= ACTIVITY =
The lines to return run from the start of the material below through the line holding "Брюнетка молодая женщина", both included; please give them back exactly, minus the pictures.

= DATA BELOW =

———

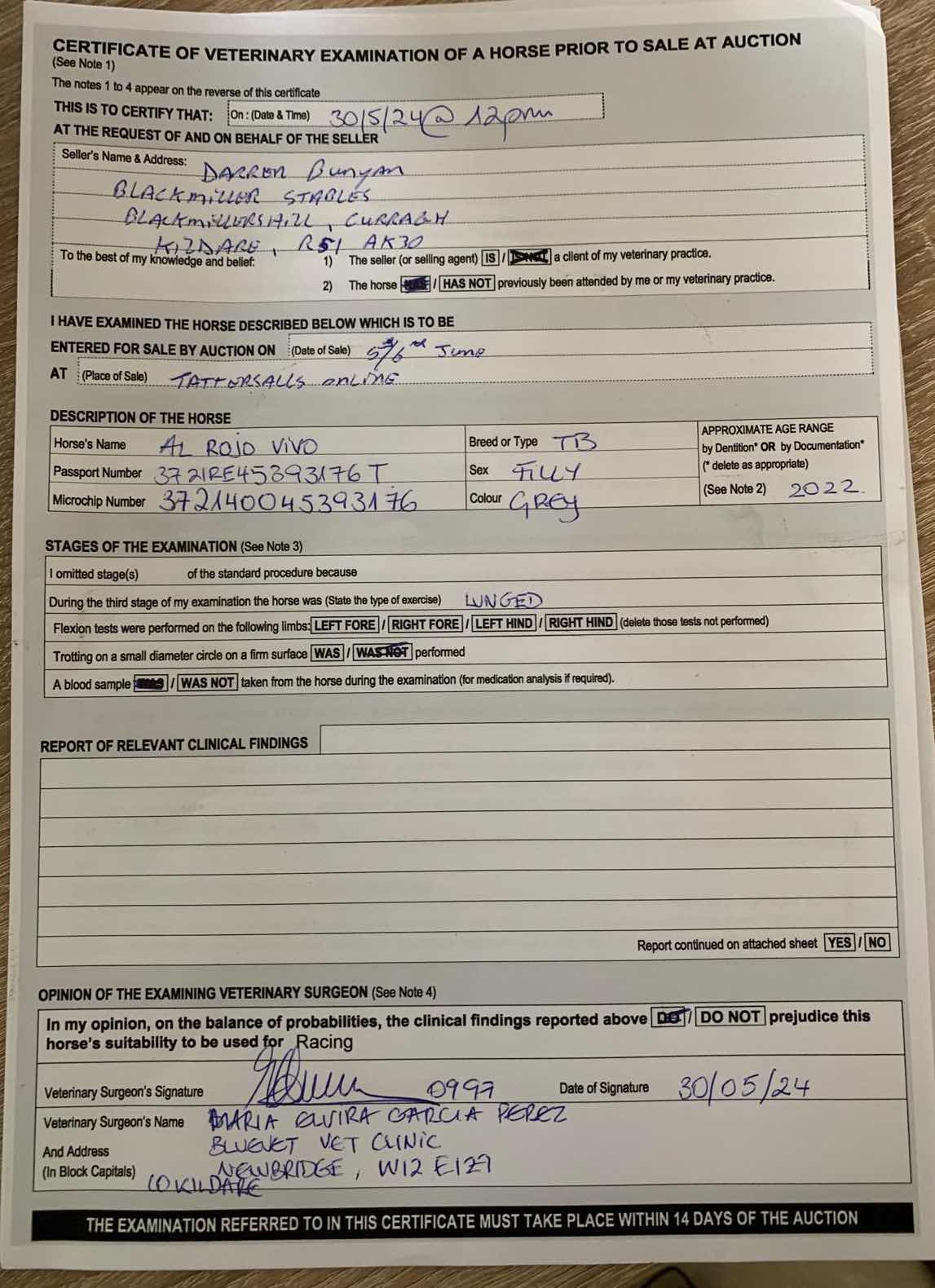 For time sensitive requests please call Tattersalls on +44(0)1638665931
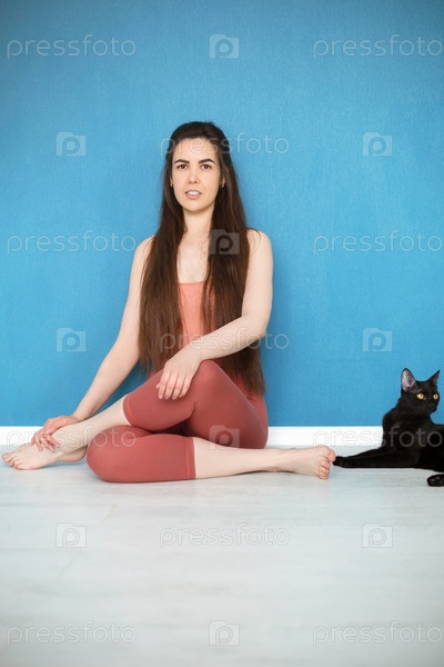 Брюнетка молодая женщина сидит у синей стены дома в позе полулотоса с черной кошкой рядом
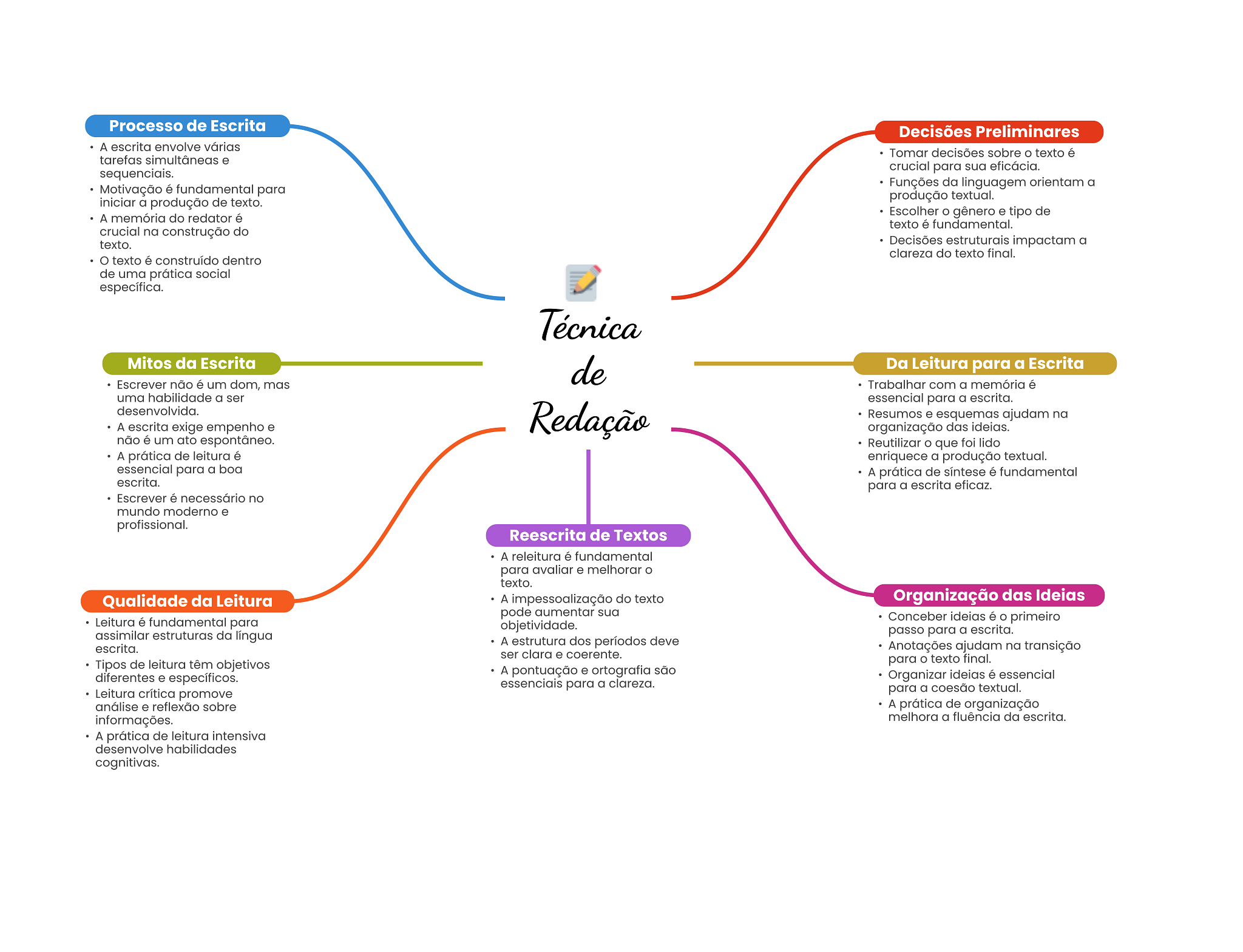 Processo de Escrita Decisões Preliminares A escrita envolve várias Tomar decisões sobre O texto é tarefas simultâneas e crucial para sua eficácia. sequenciais. Motivação é fundamental para Funções da linguagem orientam a produção textual. iniciar a produção de texto. A memória do redator é Escolher gênero e tipo de texto é fundamental. crucial na construção do texto. Decisões estruturais impactam a clareza do texto final. texto é construído dentro de uma prática social específica. Técnica Mitos da Escrita de Da Leitura para a Escrita Escrever não é um dom, mas Trabalhar com a memória é uma habilidade a ser essencial para a escrita. desenvolvida. Redação Resumos e esquemas ajudam na A escrita exige empenho e organização das ideias. não é um ato espontâneo. Reutilizar O que foi lido A prática de leitura é enriquece a produção textual. essencial para a boa A prática de síntese é fundamental escrita. para a escrita eficaz. Escrever é necessário no mundo moderno e profissional. Reescrita de Textos A releitura é fundamental para avaliar e melhorar texto. Qualidade da Leitura A impessoalização do texto Organização das Ideias pode aumentar sua Leitura é fundamental para Conceber ideias é primeiro objetividade. assimilar estruturas da língua passo para a escrita. A estrutura dos períodos deve escrita. Anotações ajudam na transição ser clara e coerente. Tipos de leitura têm objetivos para texto final. A pontuação e ortografia são diferentes e específicos. Organizar ideias é essencial essenciais para a clareza. Leitura crítica promove para a coesão textual. análise e reflexão sobre A prática de organização informações. melhora a fluência da escrita. A prática de leitura intensiva desenvolve habilidades cognitivas.

———

= SOLUTION FOR THIS TASK =
 For time sensitive requests please call Tattersalls on +44(0)1638665931
 Брюнетка молодая женщина сидит у синей стены дома в позе полулотоса с черной кошкой рядом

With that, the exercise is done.